- [GIVEN RECORDS]
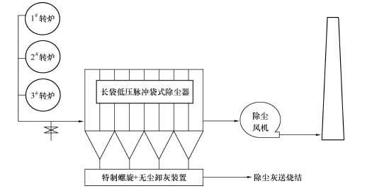 每座轉爐的含塵煙氣分別由二次煙塵爐前罩兩側的支管抽出,同時爐后設吸塵罩,爐前、爐后捕集的含塵煙氣在爐后匯合后進入干管,三座轉爐的煙氣在爐后最后匯合進入總管,接至長袋低壓脈沖袋式除塵器,凈化后的氣體經風機由煙囪排至大氣,除塵器收集下的含鐵粉塵由汽車定期送到燒結廠再利用。
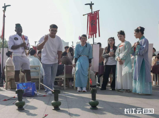 放眼整个活动现场,处处皆是生动的风景:画着宋代“珍珠妆”的女生与簪花的男生们在湖边蹴鞠;投壶区内,不时传来箭矢入壶的欢呼;文墨雅集区里,有人静心抄录词笺,也有人登台慷慨朗诵《满江红》。而精心设置的“多元一体:宋代的民族交融与文化共享”主题展,则通过榷场互市等历史图文,悄然揭示着中华文明兼容并蓄的宏大格局。
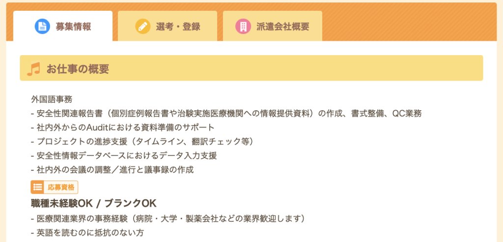 医薬品の安全性関連のお仕事(派遣)
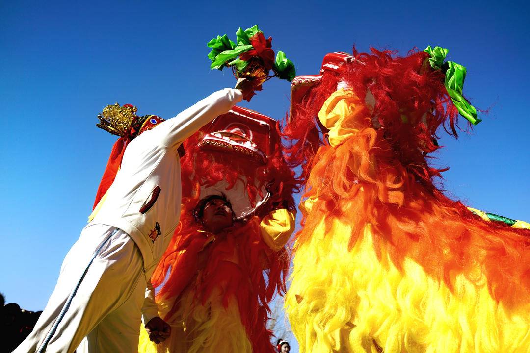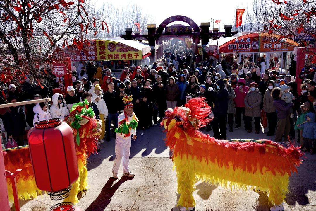 集市上人潮涌动,处处洋溢着喜庆氛围。舞狮表演轮番上演,红黄狮身跃动翻腾,鼓点铿锵间点燃现场热情;特色摊位前,现灌血肠、鲜肉串、糖画等美食飘香,摊主的吆喝声与顾客的欢笑声交织。
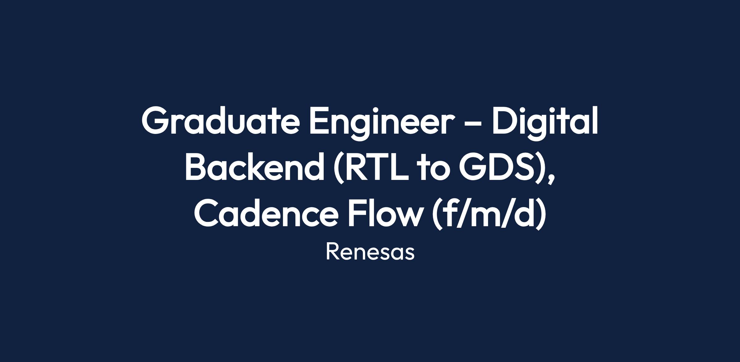 The Graduate Digital Backend Engineer will engage in the physical implementation of complex SoC and mixed-signal designs. The position involves working with a seasoned backend team to convert RTL code into a GDSII database using the Cadence tool suite, covering the entire backend workflow.
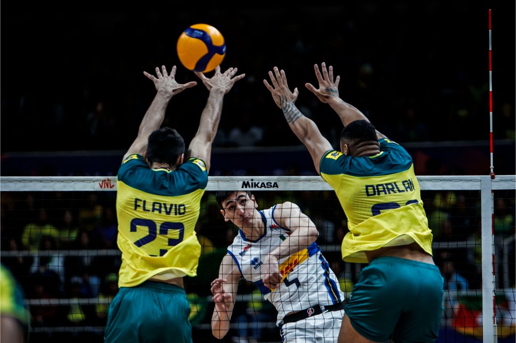 O ponteiro italiano Michieletto em ação contra o bloqueio brasileiro/Divulgação/Volleyball World
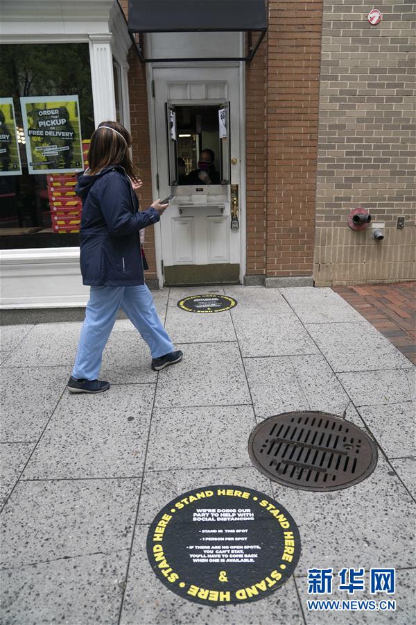 4月24日,在美国首都华盛顿,一名女士来到一家餐馆的窗口取餐。新华社记者 刘杰 摄
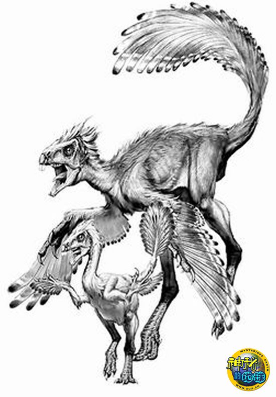 这两件标本上的羽毛明显不同:小个体标本上的飞羽和尾羽都属于一种近端带状正羽,只有初级飞羽,尾羽明显大于飞羽;大个体标本上的飞羽和尾羽都呈现典型的正羽形态,飞羽除了初级飞羽,还有次级飞羽,尾羽和飞羽大小差别也不明显。
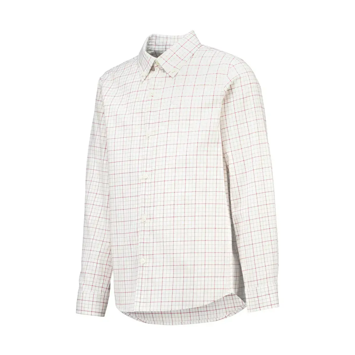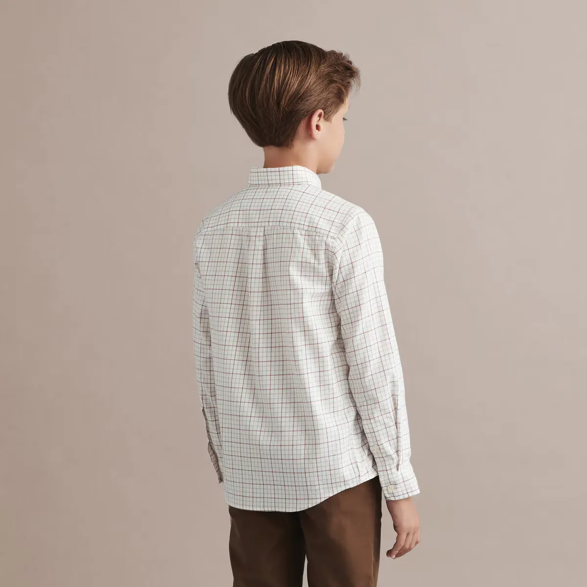 Детская рубашка в клетку из 100% хлопка. Длинные рукава и воротник на пуговицах.
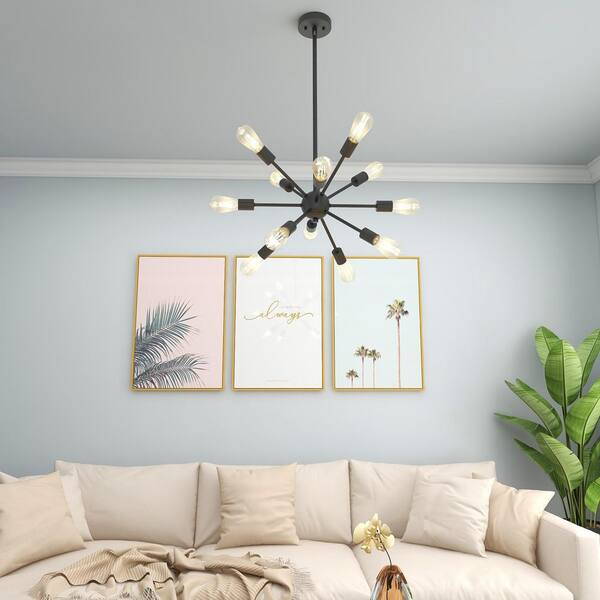 12-Light Matte Black Sputnik Sphere Chandelier without Shade
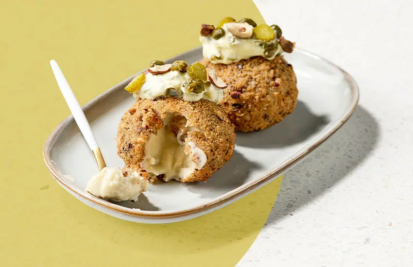 Kroketten van aardpeer, hazelnoot en gribichesaus
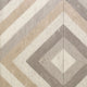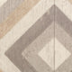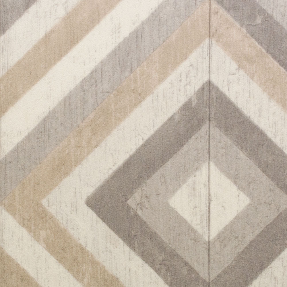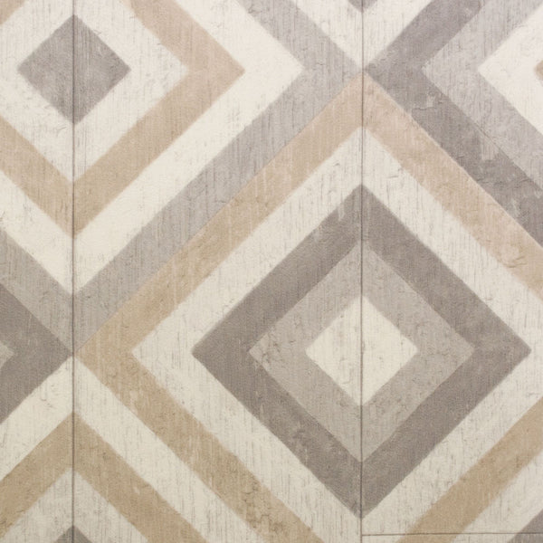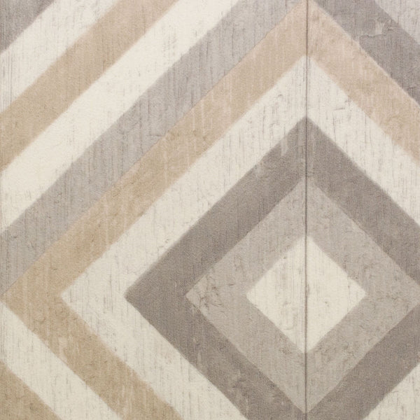This vinyl has a wood effect in four colours with light cream, mid grey, light grey and beige. The four shades create a diamond/chevron pattern that appears to continue across multiple planks. With its modern geometric design and light colours this flooring adds a stylish, fun feel to any room.
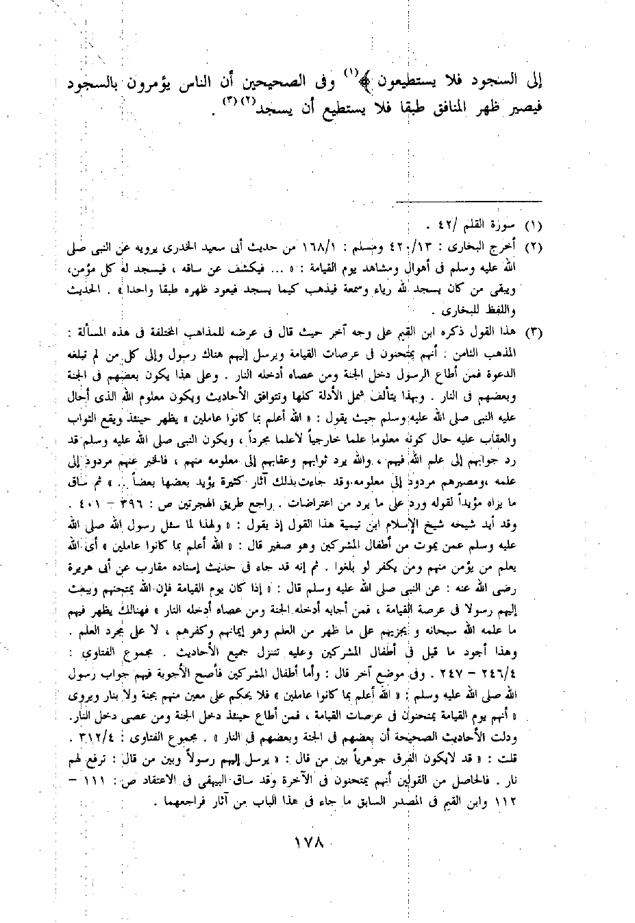 (2) أخرج البخارى: 13/ 420 ومسلم: 1/ 168 من حديث أبى سعيد الخدرى يرويه عن النبي صلى اللّه عليه وسلم فى أهوال ومشاهد يوم القيامة: « ... فيكشف عن ساقه، فيسجد له كل مؤمن، ويبقى من كان يسجد للّه رياء وسمعة فيذهب كيما يسجد فيعود ظهره طبقا واحدا». الحديث واللفظ للبخارى.

- [WHAT IS REQUIRED]
In your answer, repeat the material above in full, exactly, and without its pictures.

- [EXERCISE RESULT]
 每座轉爐的含塵煙氣分別由二次煙塵爐前罩兩側的支管抽出,同時爐后設吸塵罩,爐前、爐后捕集的含塵煙氣在爐后匯合后進入干管,三座轉爐的煙氣在爐后最后匯合進入總管,接至長袋低壓脈沖袋式除塵器,凈化后的氣體經風機由煙囪排至大氣,除塵器收集下的含鐵粉塵由汽車定期送到燒結廠再利用。
 放眼整个活动现场,处处皆是生动的风景:画着宋代“珍珠妆”的女生与簪花的男生们在湖边蹴鞠;投壶区内,不时传来箭矢入壶的欢呼;文墨雅集区里,有人静心抄录词笺,也有人登台慷慨朗诵《满江红》。而精心设置的“多元一体:宋代的民族交融与文化共享”主题展,则通过榷场互市等历史图文,悄然揭示着中华文明兼容并蓄的宏大格局。
 医薬品の安全性関連のお仕事(派遣)
 集市上人潮涌动,处处洋溢着喜庆氛围。舞狮表演轮番上演,红黄狮身跃动翻腾,鼓点铿锵间点燃现场热情;特色摊位前,现灌血肠、鲜肉串、糖画等美食飘香,摊主的吆喝声与顾客的欢笑声交织。
 The Graduate Digital Backend Engineer will engage in the physical implementation of complex SoC and mixed-signal designs. The position involves working with a seasoned backend team to convert RTL code into a GDSII database using the Cadence tool suite, covering the entire backend workflow.
 O ponteiro italiano Michieletto em ação contra o bloqueio brasileiro/Divulgação/Volleyball World
 4月24日,在美国首都华盛顿,一名女士来到一家餐馆的窗口取餐。新华社记者 刘杰 摄
 这两件标本上的羽毛明显不同:小个体标本上的飞羽和尾羽都属于一种近端带状正羽,只有初级飞羽,尾羽明显大于飞羽;大个体标本上的飞羽和尾羽都呈现典型的正羽形态,飞羽除了初级飞羽,还有次级飞羽,尾羽和飞羽大小差别也不明显。
 Детская рубашка в клетку из 100% хлопка. Длинные рукава и воротник на пуговицах.
 12-Light Matte Black Sputnik Sphere Chandelier without Shade
 Kroketten van aardpeer, hazelnoot en gribichesaus
This vinyl has a wood effect in four colours with light cream, mid grey, light grey and beige. The four shades create a diamond/chevron pattern that appears to continue across multiple planks. With its modern geometric design and light colours this flooring adds a stylish, fun feel to any room.
 (2) أخرج البخارى: 13/ 420 ومسلم: 1/ 168 من حديث أبى سعيد الخدرى يرويه عن النبي صلى اللّه عليه وسلم فى أهوال ومشاهد يوم القيامة: « ... فيكشف عن ساقه، فيسجد له كل مؤمن، ويبقى من كان يسجد للّه رياء وسمعة فيذهب كيما يسجد فيعود ظهره طبقا واحدا». الحديث واللفظ للبخارى.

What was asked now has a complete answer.